他问。
她看着他,眼眶慢慢红了。
“可以。”
她说,“你可以。”
他又往前凑,这次亲在她嘴唇上。软软的,温温的,不像那些操——那些操是腥的,是臭的,是被迫的。这个吻不是,这个吻是她教他的,是干净的,是他自己的。

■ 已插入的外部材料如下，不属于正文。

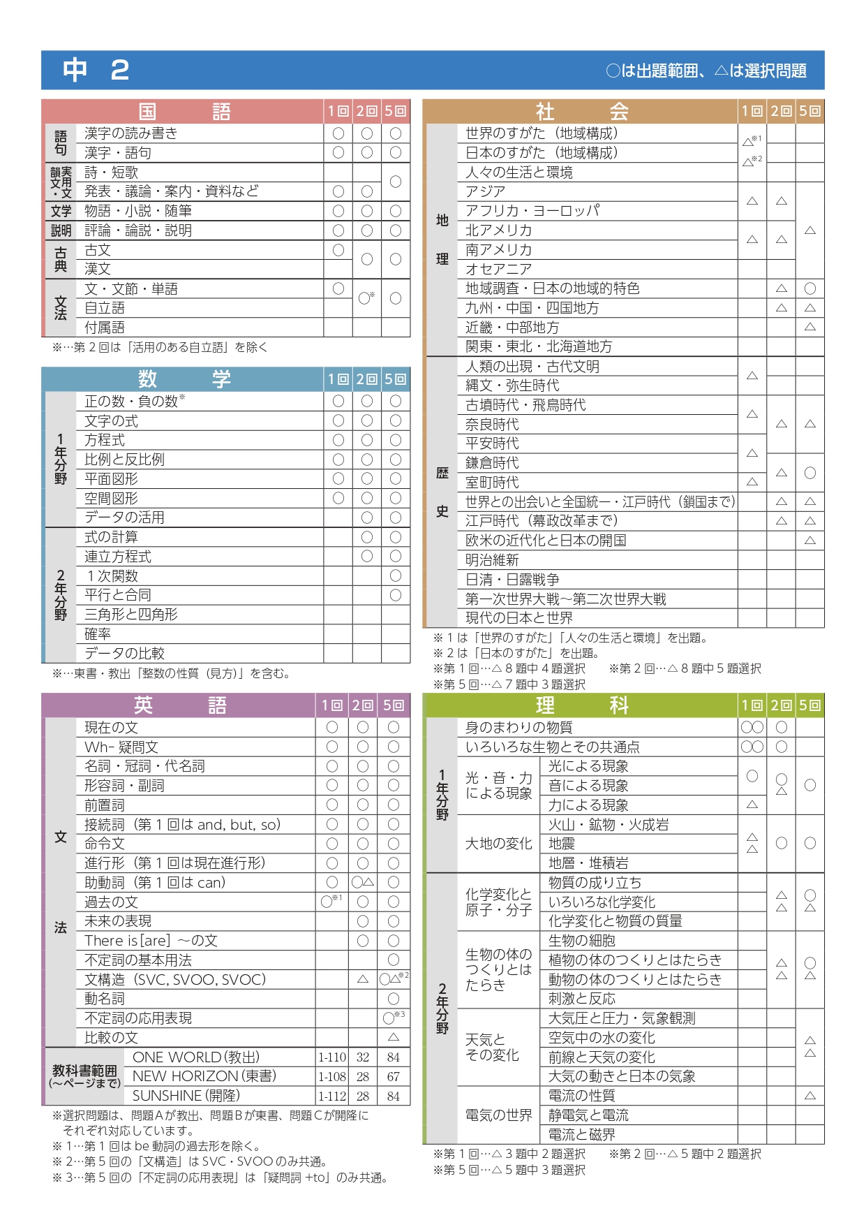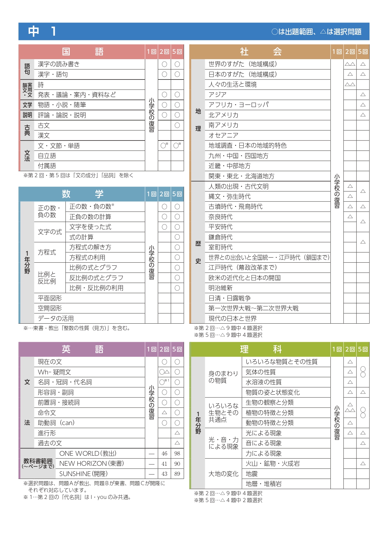 上記のテスト範囲表を見ると、今年度の1学期までに習った部分が範囲になっていることがわかります。

他亲了很久,亲到呼吸不过来才松开。她看着他,眼泪流下来,但嘴角是弯的。
从那以后,他开始渴望她的亲吻。每天早上醒来,他要亲一下才能起床。晚上睡觉前,他要亲一下才能闭眼。她画画的时候,他坐在旁边,看着看着就凑过去,在她脸上亲一口,然后若无其事地坐回去。她做饭的时候,他从后面抱住她,把脸埋在她颈窝里,蹭来蹭去,等她转过头亲他一下才松开。 她从来不拒绝。
有时候他亲得多了,她会笑着躲开,说:“够了够了。”
他就追上去,非要再亲一下才罢休。追上了,亲到了,他就笑了——那是他被救回来之后,第一次露出那种笑,不是讨好的,不是求饶的,是真的开心的笑。
有一天晚上,又做噩梦了。
这次梦到的是船上那些人。他们把他按在金属床上,挖他的腺体。刀割开皮肤,伸进去,搅动,把那块肉剜出来。疼,太疼了,他叫得不像人,但他们只是笑。
“公狗不用腺体,公狗只需要肉棒。”
他惊醒过来,浑身抖。她已经在旁边了,她没说话,只是抱住他,把他的头按在胸口。他听见她的心跳,咚,咚,咚,一下一下的,很有力。他把耳朵贴在那个地方,听着那心跳,慢慢不抖了。
“亲我。”
他说,声音闷闷的。
她低头,亲在他额头上。
“还要。”
他说。
她亲在他眼睛上。
“还要。”
她亲在他鼻尖上。
“还要。”
她笑了,亲在他嘴唇上。这次亲了很久,久到他忘了那个梦,忘了那些人,忘了那些疼。他只记得她的嘴唇,软软的,温温的,带着一点她嘴里残留的、晚饭吃的水果的甜味。
亲完,她看着他。
“还怕吗?”
他想了一下。
“不怕了。”
他说。
她把他放回枕头上,替他掖好被子。他躺在那儿,眼睛亮亮的,看着她。
“你睡这儿。”
他说,拍拍旁边的枕头。
她愣了一下。
他看着她,眼睛里有一点光,那光像鱼缸里的灯光,暖暖的,柔柔的,照在她脸上。
“我怕再做噩梦。”
他说,“你在这儿,我就不怕。”
她看了他很久。
然后她躺下去,躺在他旁边。他立刻挪过来,把她抱住,把脸埋在她肩上。他身上很热,心跳很快,但抱着她的手臂很紧,像是怕她跑了。
“晚安。”
他说。
“晚安。”
她闭上眼睛,感觉到他的呼吸慢慢平稳下来。窗外有月光透进来,落在床尾,银白色的,像一层薄薄的霜。鱼缸里的鱼还在游,尾巴一摆一摆的,偶尔溅起一点水声。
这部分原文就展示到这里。